В данный момент под эгидой Пушкинского Дома мы готовим первое академическое собрание сочинений Вячеслава Иванова. В первый том, который должен выйти до конца этого года, войдет сборник критических статей 1909 года «По звездам», один из самых влиятельных. Он сопровожден историко-литературным комментарием, где среди прочего мы как раз выясняем, что было толчком к написанию того или иного текста. Академическая подготовка текста, кроме подробного, фундированного реального и историко-литературного комментария, включает в себя и текстологию, то есть установление дефинитивного текста.
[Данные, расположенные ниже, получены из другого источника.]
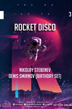 Уже в эту субботу мы вновь услышим предельно музыкальный проект «Rocket Disco»! За пультом соберутся великолепные диджеи — Nikolay Stebenev и Denis Smirnov, которые и подарят нам массу положительные эмоций своей музыкальной феерией! Кстати, в эту ночь у Дениса День рождения, повод это особенный, потому мы настоятельно рекомендуем лично послушать его праздничный сет!
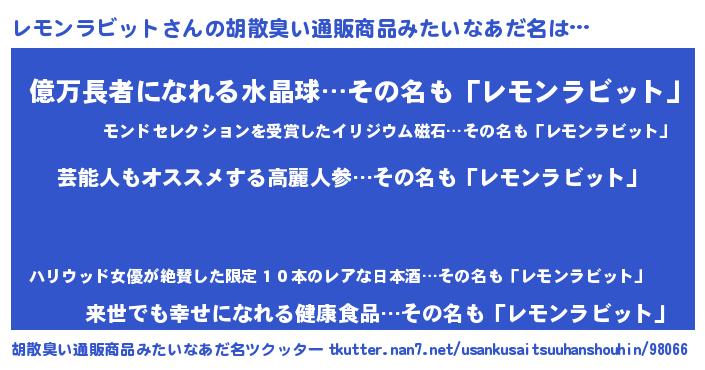 | 意味不明あだ名 | 『自称レモンラビット』 |
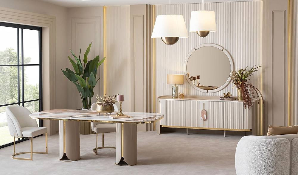Beeld je avonden vol samenzijn in: een warme, stijlvolle eetkamer waar design en functionaliteit samenkomen. Dit complete eetkamerset van French Door Art combineert een verfijnde crème kleur met marmer-effect details voor een luxe uitstraling — zonder het gedoe van kwetsbaar natuursteen. Gemaakt van hoogwaardige, geverfde MDF en stevige hout- en metalen accenten, biedt dit meubelstuk zowel schoonheid als gebruiksgemak voor dagelijks leven.
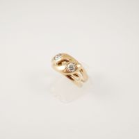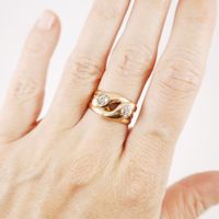Bague « Serpents entrelacés » en or rose 750 mil, les têtes des reptiles serties de diamants taille ancienne de 0.25 carat environ chaque. Travail de la fin du XIXe siècle. (TDD : 57 ; Largeur : 1cm). (Usures à l’or, déformations à l’anneau, traces de mise à taille). 7,2 g. brut

Однако для себя я сформулировал еще одно твердое правило: для академического издания вы не сдаете работу, пока не откомментировали все, что можно откомментировать. Это не так просто: велик соблазн трудные случаи оставить будущим комментаторам, и такие издания Иванова существуют. Если мы оставляем лакуну, то и для этого нужно перелопатить все, чтобы написать «источник не установлен». Этот том мы делали в основном с К.А. Кумпан и А.Л. Соболевым. Некоторые текстологические работы выполнила Т.В. Мисникевич, а также в написании одного из комментариев участие принял А.Б. Блюмбаум. Составлять историко-литературный комментарий для Иванова очень непросто, хотя бы потому, что никто из нас не является по профессии античником, а Иванов в духе своих взглядов порой так свободно обращается с редкими вариантами мифов. Поэтому у нас был консультант — Елена Леонидовна Ермолаева. Кроме того, рукопись книги прошла рецензирование ведущих специалистов по Иванову и литературе рубежа веков — Н.А. Богомолова и Н.В. Котрелева. Последний, кстати, обратил внимание на то, что Вячеслав Иванов все читал в оригинале, а у него, например, много цитат из Ницше. Значит, по академическим правилам мы должны привести оригинал. Иногда это цитата, а иногда фраза вроде «Ницше в одном месте пишет». Мы решили, что давать цитаты по-немецки безжалостно по отношению к нашим читателям, поэтому мы приводим цитату по-русски, но указываем в сноске, где ее найти в оригинале. То же самое мы постарались сделать и с цитатами из античных авторов. В общем, это будет первое научное издание Вячеслава Иванова, очень важный шаг для рецепции любого автора — понятно же, что сейчас это отнюдь не вопрос доступности текстов. Иванов приходит к искушенному читателю в роскошной упаковке.